Anil Agarwal, the owner of Vedanta, is considering selling a part in the mining giant as a last resort, according to a report from the news agency Bloomberg on Thursday. The Vedanta Group is in talks with banks about the possibility of selling its stake.

According to the article, Anil Agarwal is considering whether to sell a share in the Mumbai-listed business worth less than 5%. 5% ownership is equal to around $630 million. According to the story, the billionaire will only consider selling a part of Vedanta as a last resort if all other means of generating money prove unsuccessful.

A spokesman for the firms responded to Bloomberg News’ inquiry by saying that any rumors of a share sale in Vedanta Ltd. were unfounded and inaccurate.

Vedanta Resources hired American financial services company Cantor Fitzgerald in February, according to a report from ET, to syndicate loans to borrow up to $2 billion to pay down its short-term debt obligations.

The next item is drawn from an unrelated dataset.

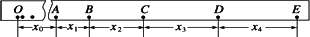 利用這個(gè)裝置也可以測量重錘下落的加速度.如下圖是打出的一條紙帶,選取紙帶上的連續(xù)的五個(gè)點(diǎn)A、B、C、D、E,測出各點(diǎn)之間的距離如下圖所示.使用電流的頻率為f,則計(jì)算重錘下落的加速度的表達(dá)式a=________.(用x1、x2、x3、x4及f表示)![]()
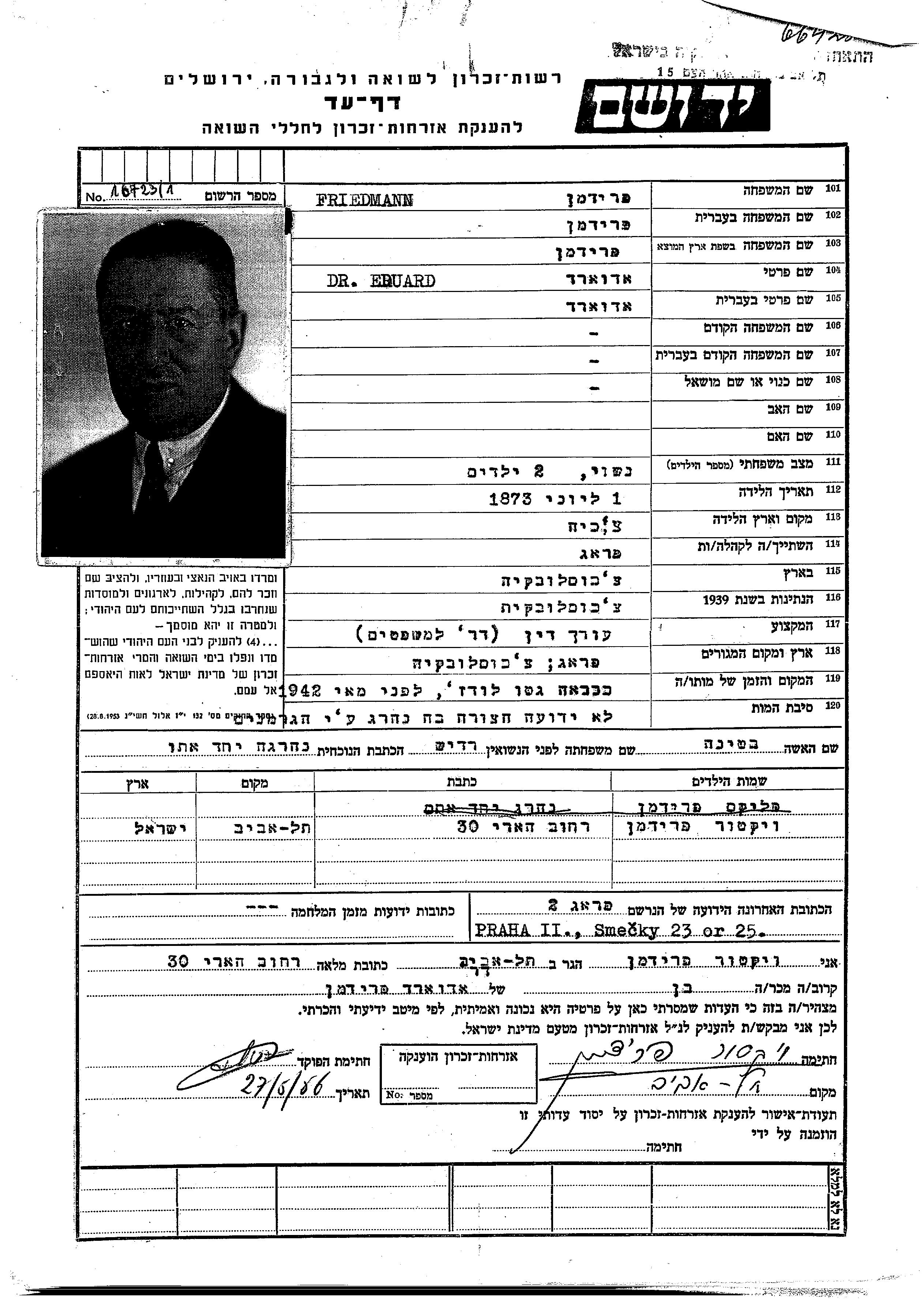 Eduard Friedmann wurde im Jahr 1873 in Tschechoslowakei geboren. Er war Jurist. Vor dem Zweiten Weltkrieg lebte er in Praha, Tschechoslowakei.

The Rajasthan-based miner Hindustan Zinc is preparing to distribute an interim dividend of 26 rupees per share, according to a filing with the market on Tuesday. The Indian government, which owns around 30% of Hindustan Zinc, and Agarwal’s Vedanta Ltd., which controls about 65% of it, will both stand to gain significantly. The principal holding firm is Vedanta Resources Ltd. of London.

Agarwal, who has been forced to rely increasingly on dividends as a result of the Indian government’s opposition to his proposal to sell the group’s foreign zinc business to Hindustan Zinc for approximately $3 billion, would feel some comfort from the additional influx.

Recent downgrades by the rating agency Moody’s on Vedanta Resources’ CFR include a CAA1 rating with a ‘poor’ outlook. The downgrades take into account the growing refinancing risk associated with the holding company’s significant debt obligations.

Vedanta Resources said in February that it had already reduced its net debt by $2 billion this year, or half of its three-year targeted reduction pledge, to allay investor concerns over the company’s liquidity and capacity to meet future commitments.

According to files with the regulatory authorities, VRL recently returned $250 million in loans that the business had obtained from Barclays Bank and Standard Chartered Bank.

In an effort to ease investor concerns over its financial situation, the business had earlier said that it had sufficient resources to satisfy debt repayment obligations in the upcoming quarters.

When it comes to securing USD 1.75 billion through a combination of syndicated loans and bilateral bank facilities, VRL has previously stated that it is in the advanced stages of finalization.

According to the corporation, it has paid off all of its debt that was due for repayment until March 2023 in advance, deleveraging by USD 2 billion during the previous 11 months.

Moreover, it is confident in its ability to achieve its liquidity needs for the quarter ending in June 2023.

Agarwal made his money through a string of risky purchases. In 2001, he purchased ownership of the Bharat Aluminum Company, which was previously held by the government, making it one of the country’s first attempts to sell off state-owned assets. It was followed by his acquisition of Hindustan Zinc, another government-owned company. Despite lacking any prior oil and gas expertise, he was able to win the 2007 bids for Cairn India and Sesa Goa Ltd., which at the time were India’s largest iron ore producers.